Remember, paying back a payday loan doesn’t typically improve your credit score. The majority of payday lenders refuse to report early payments to credit bureaus, so the loan can’t build your credit.

However, it doesn’t mean you should default on payments, as your credit score could get damaged. Payday lenders tend to report late payments or defaulters. Sometimes, they can even sell debts to collection agencies, which can spoil your score. 

Pawnshop Loans

A pawnshop loan, also known as a collateral loan, is a type of loan you borrow from a pawnshop. It requires that you provide an item such as jewelry, a TV, or any other valuables as collateral.

You should know that the loans are based on the item’s appraised value. The pawnshop has the right to keep your collateral and sell it to recover its losses if you default on the agreed payment.

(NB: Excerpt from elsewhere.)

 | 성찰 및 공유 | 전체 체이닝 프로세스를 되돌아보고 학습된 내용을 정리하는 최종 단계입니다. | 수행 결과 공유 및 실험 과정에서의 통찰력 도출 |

There are some requirements for a pawnshop loan, and they are as follows: 

  • Fill out an application
  • Provide financial information
  • Show proof of employment

Generally, pawnshops perform a credit check before approving a loan. Like payday loans, timely repayment of pawnshop loans won’t help your credit score. 

Car Title Loans

Car title loans are mostly considered an example of subprime lending. The reason is that these loans are meant for borrowers with lower incomes or bad credit ratings. Also, car title loans are high-interest rate loans because of the higher risk of default.

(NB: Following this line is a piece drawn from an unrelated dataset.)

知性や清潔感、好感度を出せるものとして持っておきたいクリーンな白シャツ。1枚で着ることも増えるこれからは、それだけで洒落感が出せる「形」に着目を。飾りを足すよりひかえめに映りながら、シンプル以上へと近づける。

The amount you can receive from car title loans is relatively small, between a few hundred and a thousand dollars. Loans are calculated depending on the market value of the car you used as collateral. The loan amount is between 25% and 50% of the car’s value.

How To Improve Even The Lowest Credit Score

There are ways to repair or boost your credit score. As you already know, a better credit score increases your chances of qualifying for loans and securing a lower interest rate.

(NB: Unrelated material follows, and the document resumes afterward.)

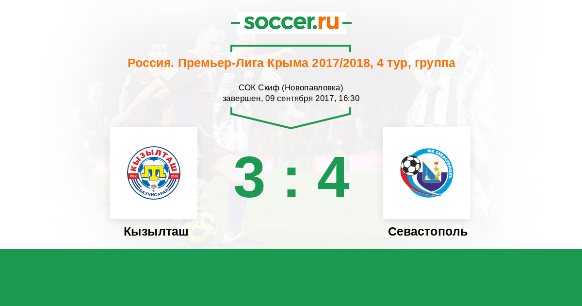 Россия. Премьер-Лига Крыма 15.09.2018 Севастополь Логотип футбольный клуб Севастополь 3:0 Логотип футбольный клуб Кызылташ (Бахчисарай) Кызылташ

How To Improve Even The Lowest Credit Score

The following are steps to improve even the lowest credit score:

Strengthen your credit history.

You can improve your credit by acquiring credit-builder loans or secured credit cards. These two options will require that you make a security deposit. Your deposit will be returned to you after repaying your loan or canceling the credit card. 

You can also build good credit when someone with a long credit history adds you as an authorized user on their credit card. The length of your credit history accounts for 15% of your credit card score. So, being an authorized user for someone with a good credit score is a good idea.

Paying your bills as of when due.

Payment history is a pretty curial credit score factor. In fact, it often accounts for 35% of the credit score. So making a late payment or having your debt increase can affect your score. This negative information can stay on your record for up to seven years. 

Assess your credit reports.

Ensure you track your credit report at least once a year for errors. When you have inaccurate information, it could have a bad effect on your credit score. You can fix an error on your report by reaching out to the credit bureau.

FAQ

What is the lowest credit score possible?

The most widely used scoring model is the FICO scoring model. It has a scoring system going up to 850 credit scores. Any score below 580 is considered a bad credit score.

What is the minimum credit score to get a mortgage?

Generally, a credit score of 620 or above qualifies you for a mortgage. Nevertheless, some government-backed loans, such as Federal Housing Administration (FHA) loans, have lower credit requirements.

What is the minimum credit score to buy a car?

Although the lowest credit score needed for an auto loan is 600, some lenders may ask for less or more. In a nutshell, the credit rating is different for each lender.

You may need a bad credit car loan if you have a credit score below the minimum lenders require.

What state has the lowest credit score?

Mississippi has the lowest average credit score among the states in the United States, at 681. To name a few of the other states: Louisiana (689), Alabama (691), Oklahoma (692), Texas (692), and Georgia (693).